The polymer polyol of Comparative Example 3 was prepared in the ratio shown in Table 3, which is the same formula as in Examples 20 to 23, to prepare polyurethane foam, and the physical properties thereof were compared, and the results are shown in Table 4. The polymer polyol of Comparative Example 3 had a high self-viscosity and a general decrease in physical properties compared to the polymer polyol of the present invention.
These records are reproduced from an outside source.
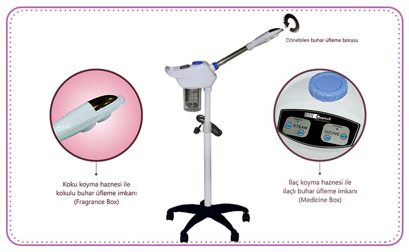 CM3368 Footed Facial Steamer Possibility of blowing medicated steam with medicine storage chamber Possibility of blowing fragrant steam with the odor storage chamber
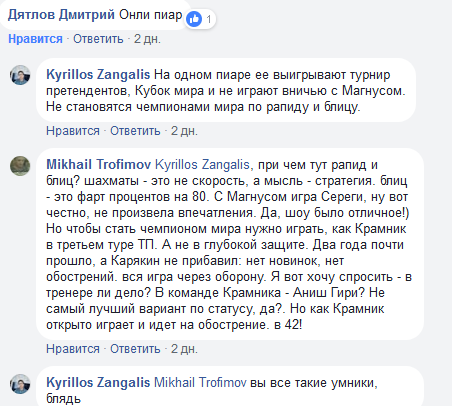 | ЯизГалича: Мы должны больше обсуждать Карякина, а не Крамника. У первого есть пиар менеджер, а у второго нет. |
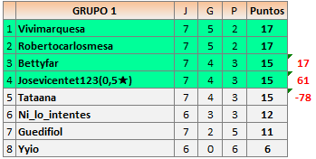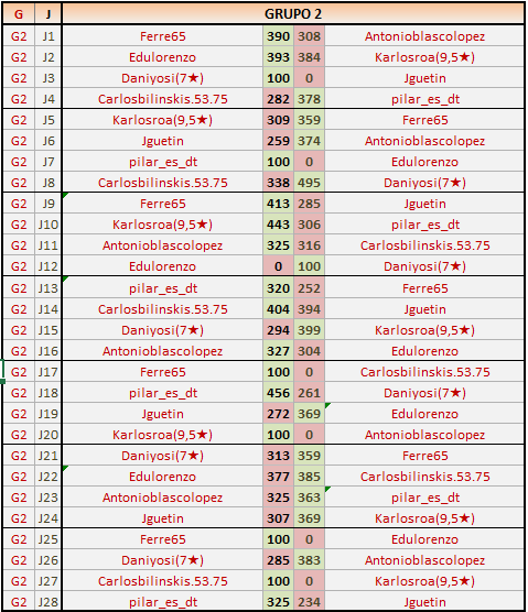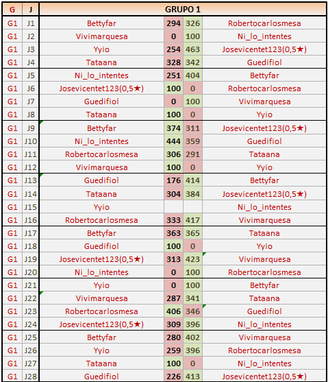 Deja un comentarioEn está página se irán publicando los resultados de las diferentes partidas, siendo ambos jugadores responsables de subirlos o de comprobar que ya hayan sido publicados insertando un COMENTARIO en la parte inferior de la pantalla (opción «Deja tu comentario»), indicando el nombre de los dos jugadores y los puntos obtenidos en la partida.
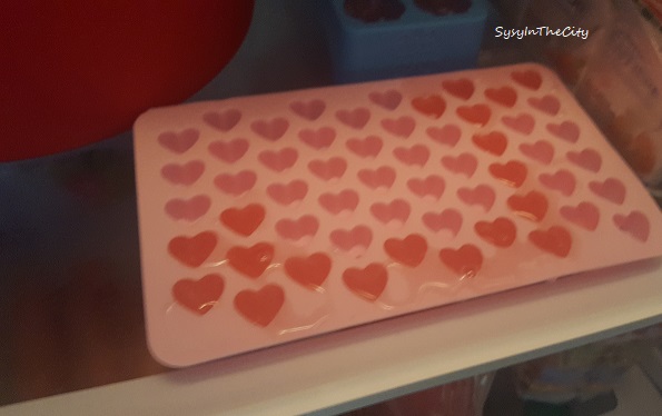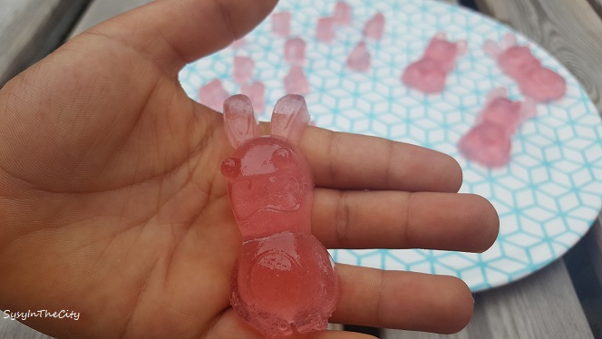 Une fois les petits sachets ouverts, je les ai préparés les doses nécessaires, en leur indiquant la recette, et quelques secondes au micro-ondes. Il suffisait de verser la préparation dans les moules, et attendre entre 60 et 90 mn conseillées au réfrigérateur, une heure a été nécessaire pour les déguster.
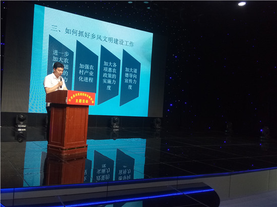 “乡风就词性本身而言,是指乡村风俗、乡村思想和乡村道德等乡村意识形态。”由乐英乡党委选派的爱国村农民夜校校长、第一书记吴尧在比赛中从乡风文明概念入手,客观分析了爱国村乡风文明建设的现状和面临的形势,对下一步如何抓好乡风文明建设提出了建议和对策,使此次党课竞赛成为大家交流思想、相互提高的重要平台。经过五个小时的激烈角逐,本次农民夜校“校长赛党课”活动圆满结束。评委按照讲课内容、语言表达、态势神情、仪表形象、竞赛时间等项目进行客观评分,选出了一等奖3名、二等奖5名、三等级7名、优秀奖10名,现场对获奖选手进行了颁奖。爱国村农民夜校校长、第一书记吴尧获得本次农民夜校“校长赛党课”第一名。
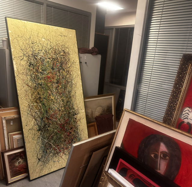 - πλήθος εργαλείων ζωγραφικής (πινέλα, μελάνια, κασετίνες χρωμάτων, πένες, δοχεία με διαλυτικό υγρό, σκόνες αγιογραφίας, ακρυλικά χρώματα, σφυριά, βούρτσες, κοπτήρια, σπάτουλες, λάμα, ),
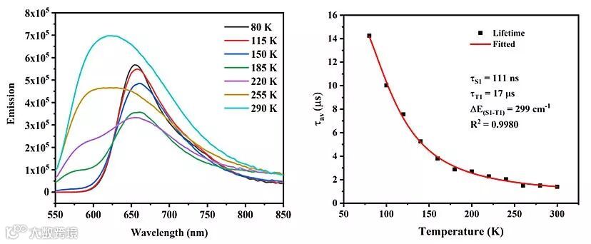 在对Au22(tBuCC)18粉末进行变温发射光谱测试时,发现该化合物随着温度从低温升高到常温(80-290K)时,发光能量有明显的蓝移,而且出现了温度越高,发光强度增强的反常的现象。结合发光寿命的研究以及对有氧无氧条件下发光行为的比较,认为该热致发光变色是由于热激活延迟荧光的产生造成的。也就是说,低温下的低能量磷光随温度升高发生热激活,产生高能量的延迟荧光。变温发光寿命的拟合结果表明S1和T1态的能量差别很小(0.037eV),支持TADF的机理。这种热致发光变色行为还是第一次在金纳米团簇体系中观察到。该工作表明金属纳米团簇还有许多未知的可能等待人们去发现。
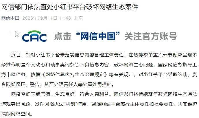 网信部门依法查处小红书平台破坏网络生态案件-网信中国
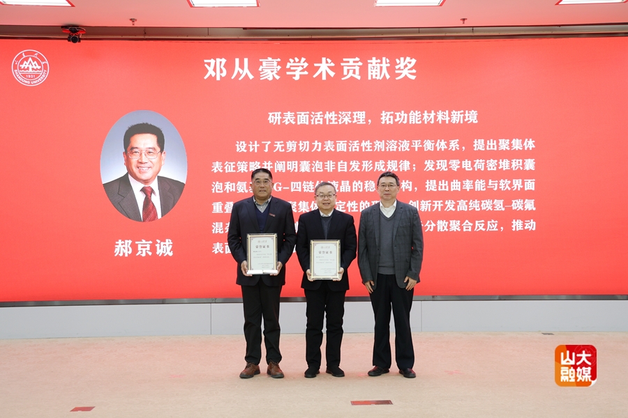 吴臻表示,山东大学化学学科历史悠久,始终聚焦国家重大战略需求和国际科学前沿,为推动基础研究创新、提升源头创新能力、促进经济社会高质量发展作出了山大贡献。邓从豪先生德高望重、成果卓著,将毕生心血奉献给祖国的科学和教育事业。期待在“邓从豪奖”的持续激励下,涌现出更多心怀“国之大者”、矢志科技报国的杰出人才,为加快教育强国、科技强国、人才强国建设注入磅礴动力,在新时代谱写科教兴国的壮丽华章。
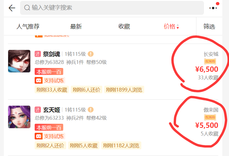 如果想打架,追求战力排名的,也可以考虑5K~6K的成品号,叶子猪建议买号要慎重,可以多收藏几个号对比一下,然后找号主讨价还价,争取最优惠的价格拿下。

According to the present invention, a polyol having high steric hindrance with an average functional group of 6 to 8 and an average molecular weight of 3,000 to 15,000 is reacted with a polyfunctional isocyanate and a hydroxy alkyl acrylate to stabilize the polymer polyol and to prepare it economically in a short production time. A method was provided. In addition, the dispersion stabilizer was used in the preparation of the polymer polyol, thereby providing a polyol having a high solid content and a low viscosity. In addition, by using the polymer polyol, it was possible to improve the physical properties of the final polyurethane foam.

Claims (9)

A dispersion stabilizer for producing a polymer polyol, wherein a polyether polyol having an average molecular weight of 3,000 to 15,000 and an average functional group of 6 to 8 is prepared by reacting polyfunctional isocyanate and hydroxy alkyl acrylate. The dispersion stabilizer according to claim 1, wherein the polyether polyol uses sugar or a polyhydric alcohol containing sugar as an initiator. The stabilizer of claim 1, wherein the polyfunctional isocyanate is an alkylene oxide selected from the group consisting of ethylene oxide, propylene oxide, butylene oxide, amylene oxide or mixtures thereof. 2,4-toluene diisocyanate, 2,6-toluene diisocyanate, methylene diphenyl diiso cyanate (MDI), hexamethylene diisocyanate (HDI), isophorone diisocyanate, naphthalene diisocyanate and A stabilizer for producing a polymer polyol, wherein the polyfunctional isocyanate selected from the group consisting of a mixture thereof is used in an amount of 1 to 3 parts by weight based on 100 parts by weight of the polyether polyol. 2. A group according to claim 1 wherein hydroxy ethyl acrylate (HEA), hydroxy propyl acrylate (HPA), hydroxy ethyl methacrylate (HEMA), hydroxy butyl acrylate (HBA) and mixtures thereof A stabilizer for producing a polymer polyol, wherein 0.5 to 1.5 parts by weight of the selected hydroxy alkyl acrylate is used based on 100 parts by weight of the polyether polyol. A polymer polyol prepared by polymerizing at least one ethylenically unsaturated monomer in a polyol comprising the dispersion stabilizer of claim 1 with a radical polymerization initiator. The polymer polyol of claim 6, wherein the radical polymerization initiator is an azo compound. The polymer polyol of claim 6, further comprising a molecular weight modifier selected from the group consisting of n-DDM, EB, or mixtures thereof. A method for producing a flexible polyurethane foam prepared by reacting the polymer polyol of Claims 6-8 with an isocyanate compound in the presence of a blowing agent and a catalyst.